Wis. Stats., § 49.453(3) (emphasis added).
The Petitioner asserts that the agency cited no legal authority for its position that she must be eligible for “full benefit MA” before the penalty period can be imposed. I disagree with the Petitioner’s argument based on the language of Wis. Stats., § 49.453(3).
The Petitioner was disenrolled from community waivers effective July 1, 2019 and did not apply for or become eligible for any other long-term care services between July 1, 2019 and February 6, 2020. The Petitioner’s son testified that neither he, the Petitioner or anyone else acting on behalf of the Petitioner requested that she be disenrolled from community waivers. The notice issued on June 13, 2019 clearly states that this was the reason that she was disenrolled. There was no timely appeal of that action by the Petitioner or her representative. Therefore, I have no jurisdiction at this time to find that the agency’s action was in error. The notice also clearly states that she was not eligible for any MA programs effective July 1, 2019 unless she met a deductible during the period of July 1, 2019 – December 31, 2019. It is undisputed that she did not meet the deductible.
The Petitioner asserts that the agency should have acted on the reports of changes in her assets submitted in July 2019. The Petitioner had already been disenrolled at her request or the request of her representative by the time those change reports were submitted. Though the agency can re-open a case without a new application within 30 days, the evidence demonstrates that the Petitioner requested to disenroll and there was no contact from the Petitioner or her son to indicate that she wished to re-enroll or have her case re-opened. There was no attempt to appeal the disenrollment or file a new application. The Petitioner’s son’s testimony that there was no request to disenroll appears to be self-serving at this point in time.

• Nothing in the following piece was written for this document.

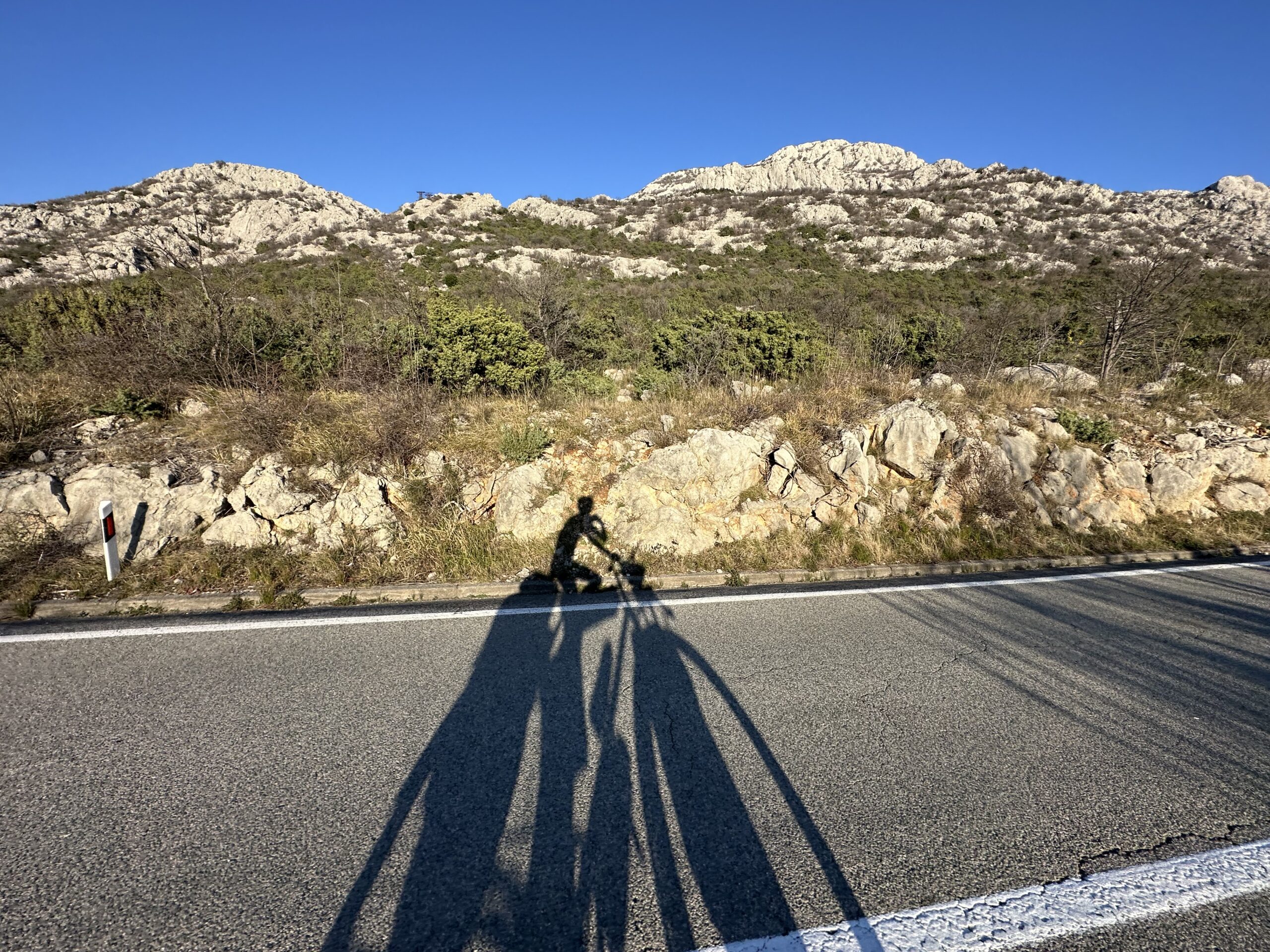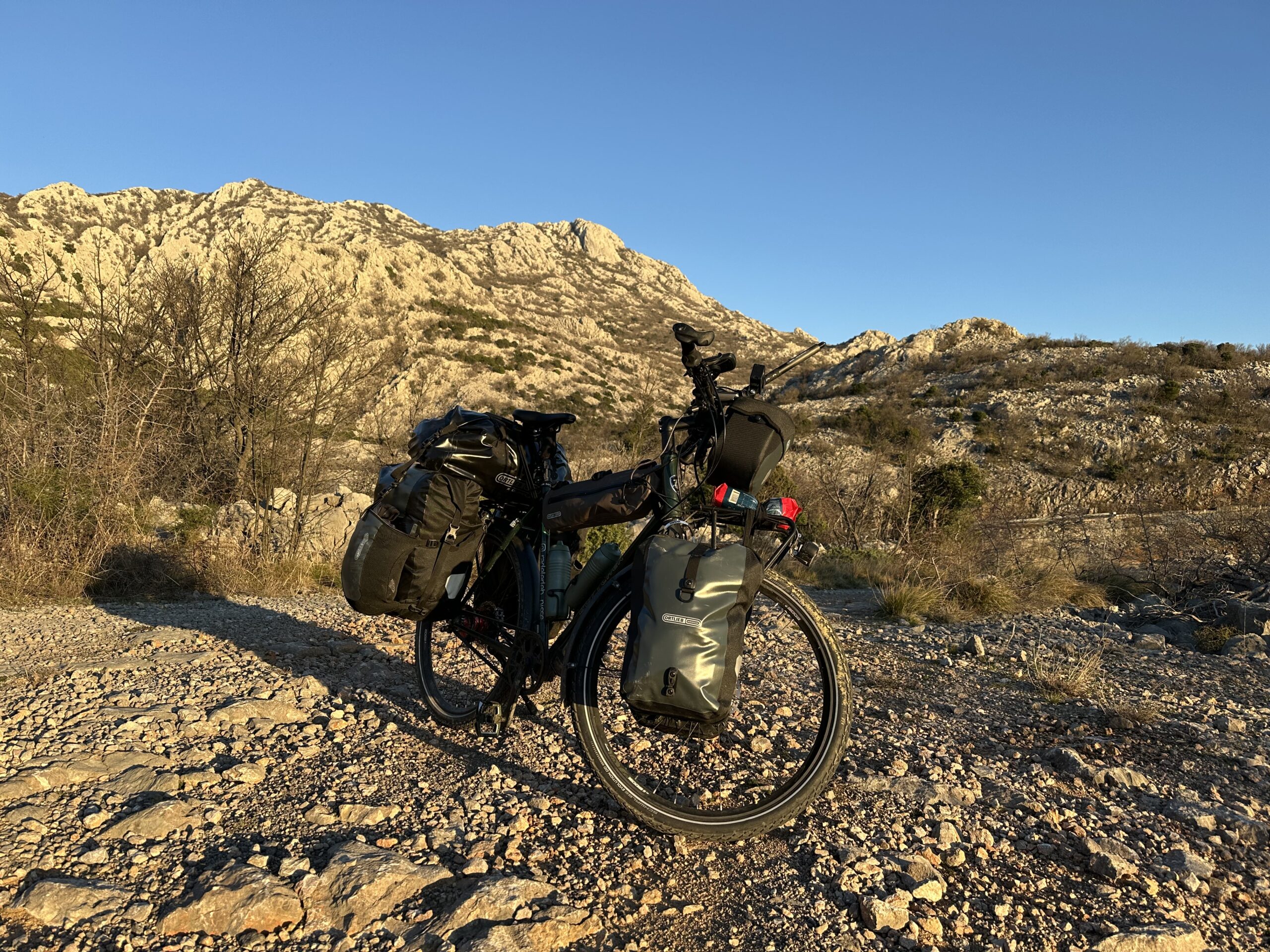 Nach einigen anspruchsvollen Anstiegen führte mich meine Route nach Zadar, von wo aus ich die Fähre auf die Insel Pag nahm. Die Landschaft dort unterschied sich deutlich vom Festland – sie war äußerst steinig, fast wüstenartig. Erst im Inneren der Insel fanden sich kleinere Wälder. Das Radfahren auf Pag war besonders angenehm, da die kleinen Wege abseits der Hauptstraßen kaum von Autos befahren wurden.

There was no determination that the Petitioner was eligible for MA and she was not receiving any longterm care services through MA at the time she divested funds of $73,094.26 to her son on July 24, 2019. Therefore, under Wis. Stats., § 49.453(3)(ag), the divestment penalty period could not begin on July 30, 2019 as asserted by the Petitioner. Rather, in accordance with Wis. Stats., § 49.453(3)(a)2, the agency correctly imposed the divestment penalty period on February 25, 2020 when the Petitioner was determined to be eligible for MA and would otherwise receive services but for the divestment penalty.
The Petitioner further alleges that her current Family Care enrollment date should be backdated to February 6, 2020 due to agency delay and error related to the July 2019 asset change reports. The Petitioner’s application was filed on February 6, 2020. It was processed by the agency within 30 days in accordance with MA Handbook, § 2.7. I find no delay or error by the agency and conclude the Petitioner was correctly enrolled after the agency processed the application and determined her functional and financial eligibility on February 25, 2020.
Conclusions of Law
- The agency correctly imposed a divestment penalty period of February 25, 2020 – November 4, 2020.
- The agency correctly enrolled the Petitioner in community waivers effective February 25, 2020.
THEREFORE, it is
That the Petitioner’s appeal is dismissed.[Request for a rehearing and appeal to court instructions omitted.]